SciPy: Using cluster.vq.vq() function (3 examples)

Updated: March 4, 2024 By: Guest Contributor Post a comment

Introduction

Cluster analysis, a staple of data science, involves grouping sets of objects in such a way that objects in the same group are more similar to each other than to those in other groups. In this realm, the SciPy library offers powerful tools, one of which is the cluster.vq.vq() function, enabling efficient vector quantization.

Understanding Vector Quantization

Vector Quantization (VQ) is a classical quantization technique from signal processing that allows the modeling of probability density functions by the distribution of prototype vectors. It involves mapping vectors from a high-dimensional space to a finite set of vectors in lower dimensions, with many practical applications in clustering, image compression, and pattern recognition.

The vq() function in SciPy executes this by assigning codes from a code book to observation vectors, effectively partitioning the observation space.

Practical Examples

To work with vq(), ensure you have SciPy installed:

pip install scipy

Example 1: Basic Clustering

Let’s start with a basic example of vector quantization where we have a set of observations and a predefined set of centroids or code book vectors.

import numpy as np
from scipy.cluster.vq import vq, kmeans

# Sample observations
obs = np.array([[1, 2], [3, 4], [5, 6], [7, 8]], dtype=np.float32)

# Performing kmeans to generate a code book
codebook, _ = kmeans(obs, 2)

# Assigning codes to observations
codes, dist = vq(obs, codebook)

print("Code assignments:", codes)
print("Distances:", dist)

Output:

Code assignments: [0 0 1 1]
Distances: [1.4142135 1.4142135 1.4142135 1.4142135]

In this scenario, kmeans() is used to find the centroids, which serve as the code book. The vq() function then assigns each observation to the nearest centroid, returning both the assignments and the distances.

Example 2: Image Quantization

Image quantization is a common use case for VQ. This example shows how to apply it to reduce the color space of an image.

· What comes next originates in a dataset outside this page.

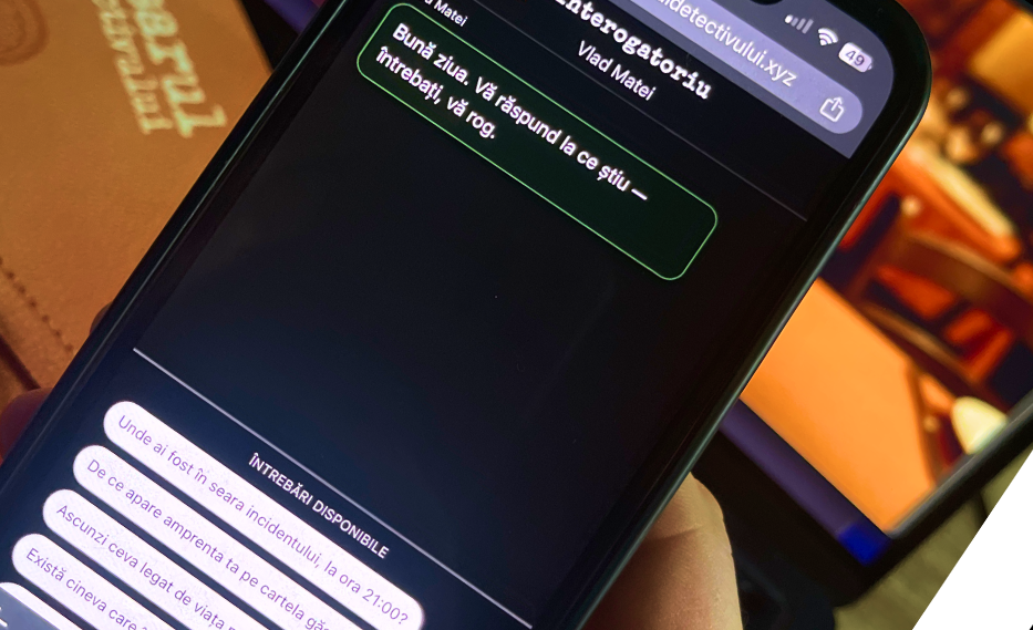 După ce analizezi interogatoriile poliției și verifici toate probele, poți continua investigația discutând direct cu suspecții în timp real pe telefonul tău, unde poți direcționa interogatoriul și îi poți împinge să-și contrazică declarațiile. Fii atent: unii încearcă să ascundă adevărul, iar răspunsurile lor pot fi alunecoase.

Before diving into the code, you need to install the scikit-image package:

scikit-image

Here’s the code:

from scipy.cluster.vq import vq, kmeans
from skimage import io
from skimage.transform import resize
import numpy as np

# Load and resize an image
# Remember to replace this with your actual image path
image = io.imread('your-image-here.jpg') 
image_resized = resize(image, (image.shape[0] // 4, image.shape[1] // 4),
                        anti_aliasing=True)

# Flatten the image
pixels = np.reshape(image_resized, (-1, 3))

# Compute k-means with k colors
k = 16 # you can modify this value to increase/decrease color quantization
codebook, _ = kmeans(pixels, k)

# Apply VQ to map each pixel to the codebook
quantized, dist = vq(pixels, codebook)

# Reshape quantized data into the original image format
quantized_image = np.reshape(codebook[quantized], image_resized.shape)

# Display the quantized image
io.imshow(quantized_image)
io.show()

In this example, the kmeans() function computes a codebook of 16 colors from the original image pixels. The vq() function then maps each pixel to the nearest color in the codebook, effectively reducing the color space of the image.

Example 3: Custom Feature Quantization for Machine Learning

Quantization can also be applied in the realm of machine learning to simplify feature spaces, reduce model complexity, and potentially improve generalizability. This example demonstrates custom feature quantization for a dataset before employing a machine learning model.

from scipy.cluster.vq import vq, kmeans
import numpy as np
from sklearn.model_selection import train_test_split
from sklearn.linear_model import LogisticRegression

# Sample dataset
X = np.random.rand(100, 4)  # 100 samples, 4 features
y = np.random.randint(0, 2, 100)  # Binary target

# Generate codebook for 2 bits quantization
codebook, _ = kmeans(X, 2**2)

# Quantize features
X_quantized, dist = vq(X, codebook)

# Replace quantized indices with their corresponding centroid values
X_centroids = codebook[X_quantized]

# Train/test split
X_train, X_test, y_train, y_test = train_test_split(X_centroids, y, test_size=0.2)

# Use a simple logistic regression model
model = LogisticRegression()
model.fit(X_train, y_train)
score = model.score(X_test, y_test)

print("Model accuracy with quantized features:", score)

Output (vary):

Model accuracy with quantized features: 0.55

This approach not only simplifies the feature space by quantizing the features into a smaller number of distinct categories but also explores the impact of such simplification on model performance.

Conclusion

The vq() function in SciPy is a formidable tool for performing vector quantization across various domains. From simplifying data through clustering to reducing image color spaces and preparing feature sets for machine learning models, its applications are vast and impactful. As demonstrated, with a basic understanding and creative thinking, one can leverage vq() to explore and enhance data processing and analysis endeavors.